Creating an array of 100,000 items makes memory, but then setting the array to an empty array or splicing it all out, does NOT free it immediately, and doesn't mark it as unused (aka making a new 100,000 element array increases memory).
My personal solution was to write a perl script that ran forever, and system("php my_php.php"); when needed, so that the interpreter would free completely. I'm currently supporting 5.1.6, this might be fixed in 5.3+ or at the very least, now they have GC commands that you can use to force the GC to cleanup.
Simple script
#!/usr/bin/perl -w
use strict;
while(1) {
if( system("php /to/php/script.php") != 0 ) {
sleep(30);
}
}
then in your php script
<?php
// do a single processing block
if( $moreblockstodo ) {
exit(0);
} else {
// no? then lets sleep for a bit until we get more
exit(1);
}
?>
I'd log the state of the function to a file in a few different places in each loop.
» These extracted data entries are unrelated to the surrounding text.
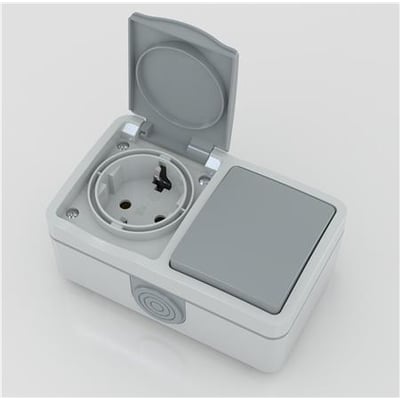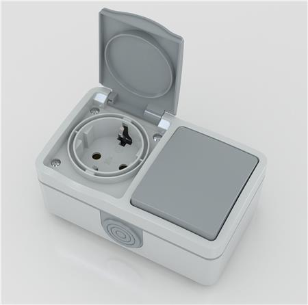 Stikkontakt med afbryder, schuko, IP54, grå.
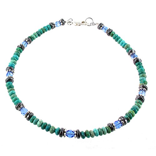 -. Title : Turquoise, Blue Glass, Hematite (Hemalyke) & Sterling Womens Beaded Gemstone Anklet with Daisies
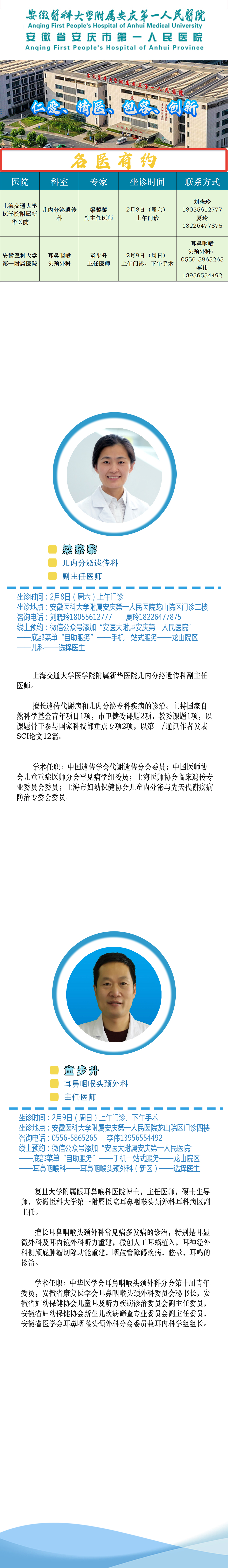 【名医有约】安医大附属安庆第一人民医院专家诊讯

You can get the contents of most variables as a string with var_export, using the var_export($varname,true) form.
You could just log this to a certain file, and keep an eye on it. The latest state of the function before the log ends should provide some clues.
Sounds like whatever is happening is not a standard php error. You should be able to throw your own errors using a try... catch statement that should then be logged. I don't have more details other than that because I'm on my phone away from a pc.
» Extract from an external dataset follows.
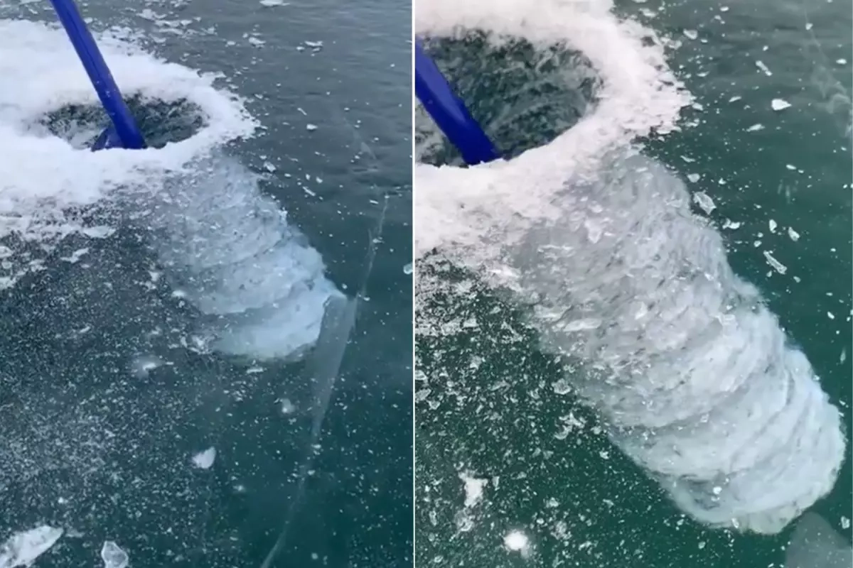 Dünyanın en eski ve en derin tatlı su gölü olan Baykal Gölü, dondurucu Sibirya soğuklarıyla birlikte eşsiz bir doğa olayına ev sahipliği yapıyor. Bölgede çekilen ve kısa sürede viral olan görüntülerde, bir buz burgusuyla (drilling) gölün dondurucu yüzeyinde delik açılmaya çalışıldığı görülüyor.

I've encountered this before on one of our projects at work. We have a similar setup - a PHP script checks the DB if there are tasks to be done (such as sending out an email, updating records, processing some data as well). The PHP script has a while loop inside, which is set to
while(true) {
//do something
}
After a while, the script will also be killed somehow. I've already tried most of what has been said here like setting max_execution_time, using var_export to log all output, placing a try_catch, making the script output ( php ... > output.txt) etc and we've never been able to find out what the problem is.
I think PHP just isn't built to do background tasks by itself. I know it's not answering your question (how to debug this) but the way we worked this is that we used a cronjob to call the PHP file every 5 minutes. This is similar to Jeremy's answer of using a perl script - it ensures that the interpreter if free after the execution is done.
If this is on Linux, try to look into system logs - the process could be killed by the OOM (out-of-memory) killer (unlikely, you'd also see other problems if this was happening), or a segmentation fault (some versions of PHP don't like some versions of extensions, resulting in weird crashes).
After my host enabled suPHP, a previously working script has been timing out after ~3min (it varies, but the script has not run for more then 3, AFAIK).
The odd part is, the script is not throwing any errors that I can see (and yes, full PHP error reporting/logging is enabled and all MYSQL queries have been checked for errors, also) it simply stops.
Refreshing the page will load more of the data the script is supposed to process (probably because the MYSQL queries have been cached...), but if there is a lot of data to process it never fully executes.
The other oddity is that I can run test scripts for over 10 minutes on the same host w/ set_time_limit(0); / etc.
Anyone else had to deal with this, or know what is causing the timeout and how to fix it (assuming that dropping suPHP is not an option). There was also a simultaneous update from PHP 5.2.x to 5.3.x, but I doubt that is causing the issue. :/
I've seen this happen when memory runs out - the script just ends without error. If you have a loop, try using the memory functions to dump the memory status. Also, use phpinfo() to see what your maximum memory allowance is - the switch to suPHP may have changed that to your detriment.